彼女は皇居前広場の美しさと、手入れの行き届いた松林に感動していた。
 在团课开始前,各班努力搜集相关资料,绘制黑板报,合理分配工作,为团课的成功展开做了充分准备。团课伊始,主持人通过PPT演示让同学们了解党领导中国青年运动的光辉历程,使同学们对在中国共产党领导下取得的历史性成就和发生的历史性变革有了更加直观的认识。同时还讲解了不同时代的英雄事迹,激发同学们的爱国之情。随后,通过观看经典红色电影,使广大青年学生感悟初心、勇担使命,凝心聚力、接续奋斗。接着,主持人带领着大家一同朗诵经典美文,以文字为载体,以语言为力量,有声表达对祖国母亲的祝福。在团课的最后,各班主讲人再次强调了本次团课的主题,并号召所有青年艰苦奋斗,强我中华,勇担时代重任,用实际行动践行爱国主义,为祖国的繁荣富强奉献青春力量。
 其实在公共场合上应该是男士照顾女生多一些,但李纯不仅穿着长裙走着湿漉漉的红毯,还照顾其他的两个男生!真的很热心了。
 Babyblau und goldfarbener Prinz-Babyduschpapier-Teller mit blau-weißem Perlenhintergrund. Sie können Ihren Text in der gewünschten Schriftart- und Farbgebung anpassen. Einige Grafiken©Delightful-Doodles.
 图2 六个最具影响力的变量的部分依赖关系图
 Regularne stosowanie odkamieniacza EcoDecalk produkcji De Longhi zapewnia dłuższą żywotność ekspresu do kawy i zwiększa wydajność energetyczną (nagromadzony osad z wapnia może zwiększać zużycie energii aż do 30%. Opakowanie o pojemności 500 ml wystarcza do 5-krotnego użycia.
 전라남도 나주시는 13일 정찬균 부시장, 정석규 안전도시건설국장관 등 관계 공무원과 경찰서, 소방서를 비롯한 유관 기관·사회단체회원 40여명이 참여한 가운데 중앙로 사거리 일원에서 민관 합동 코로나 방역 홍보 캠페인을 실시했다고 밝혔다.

---

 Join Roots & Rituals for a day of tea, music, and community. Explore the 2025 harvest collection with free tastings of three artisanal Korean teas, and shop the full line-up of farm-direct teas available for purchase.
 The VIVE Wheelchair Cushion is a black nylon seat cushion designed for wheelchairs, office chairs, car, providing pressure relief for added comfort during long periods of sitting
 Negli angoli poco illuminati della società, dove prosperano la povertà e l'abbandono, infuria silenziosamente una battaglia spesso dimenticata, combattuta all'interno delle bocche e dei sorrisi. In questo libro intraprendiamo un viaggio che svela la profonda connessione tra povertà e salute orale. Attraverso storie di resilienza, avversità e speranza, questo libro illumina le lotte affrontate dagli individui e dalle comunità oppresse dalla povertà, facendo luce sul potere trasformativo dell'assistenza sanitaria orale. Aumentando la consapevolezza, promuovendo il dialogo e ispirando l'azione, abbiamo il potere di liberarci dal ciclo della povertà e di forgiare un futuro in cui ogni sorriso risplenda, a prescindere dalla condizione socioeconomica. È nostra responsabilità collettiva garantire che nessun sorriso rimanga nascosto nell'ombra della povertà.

* * *

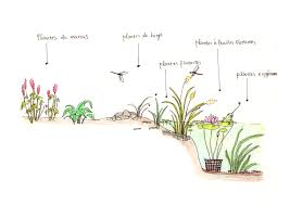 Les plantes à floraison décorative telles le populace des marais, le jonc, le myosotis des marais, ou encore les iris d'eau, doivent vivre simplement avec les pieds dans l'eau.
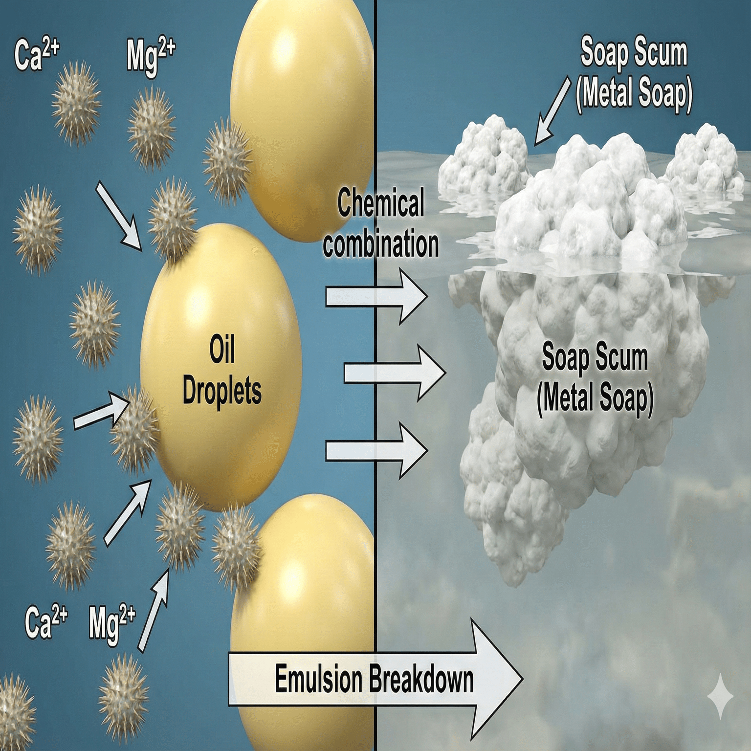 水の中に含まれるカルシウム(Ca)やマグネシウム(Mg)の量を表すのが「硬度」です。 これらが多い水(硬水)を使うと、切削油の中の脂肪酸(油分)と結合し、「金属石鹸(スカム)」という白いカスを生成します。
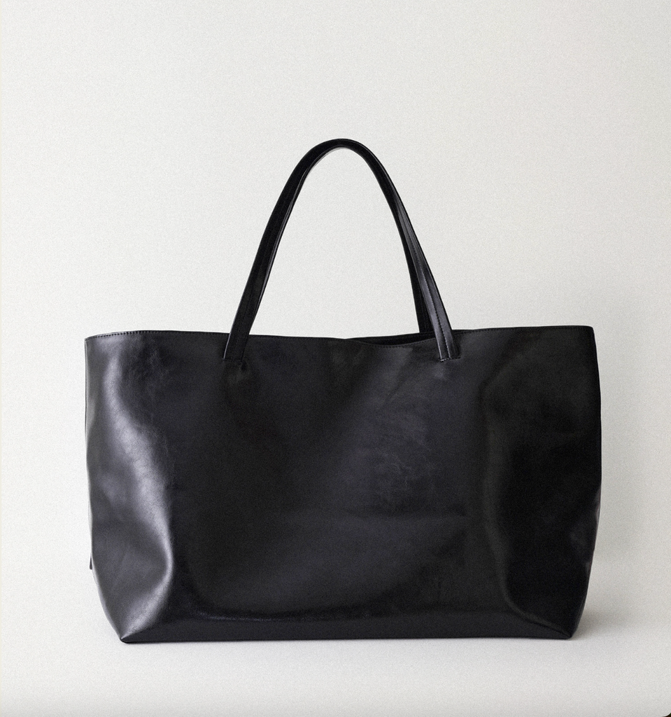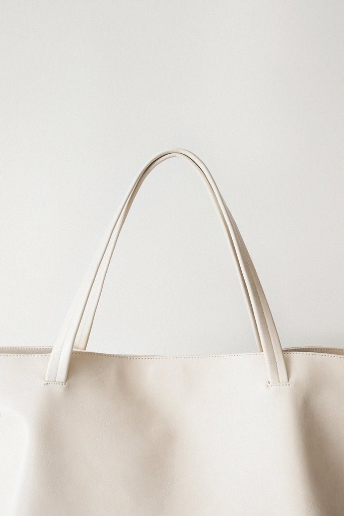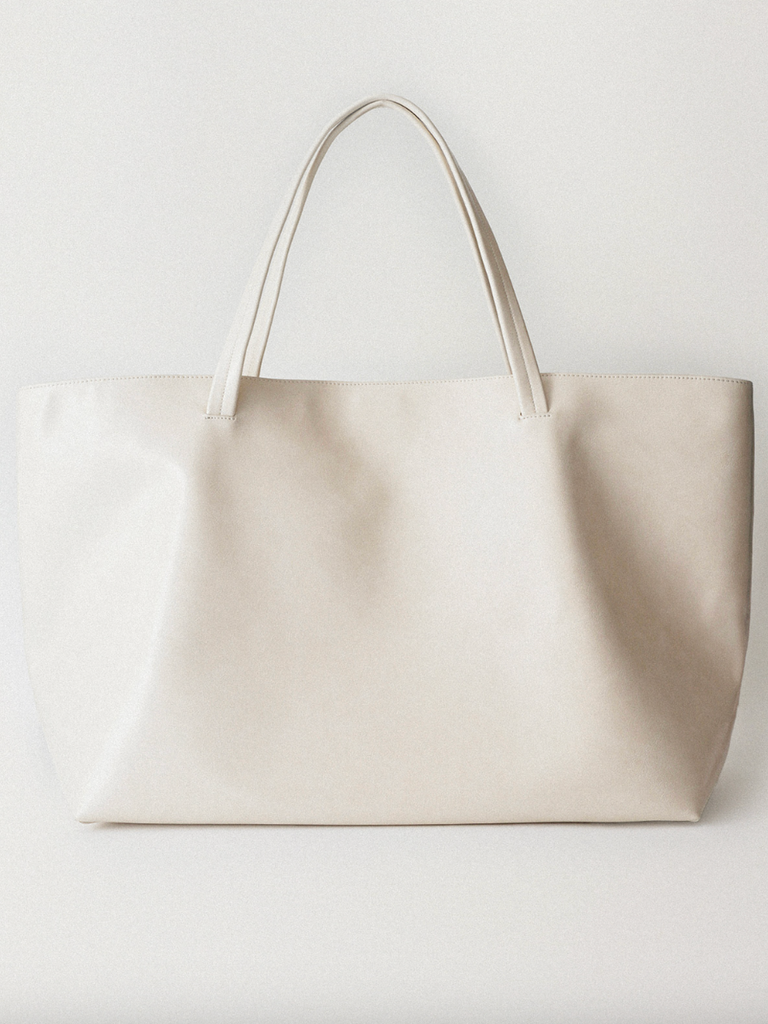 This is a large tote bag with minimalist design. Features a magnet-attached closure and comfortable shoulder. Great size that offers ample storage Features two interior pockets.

— Aim of the task —
Copy exactly the stretch of data above from the line with "其实在公共场合上应该是男士照" through the line with "图2 六个最具影响力的变量的部分依赖关系图", and omit all other lines.

— Answer section —
 其实在公共场合上应该是男士照顾女生多一些,但李纯不仅穿着长裙走着湿漉漉的红毯,还照顾其他的两个男生!真的很热心了。
 Babyblau und goldfarbener Prinz-Babyduschpapier-Teller mit blau-weißem Perlenhintergrund. Sie können Ihren Text in der gewünschten Schriftart- und Farbgebung anpassen. Einige Grafiken©Delightful-Doodles.
 图2 六个最具影响力的变量的部分依赖关系图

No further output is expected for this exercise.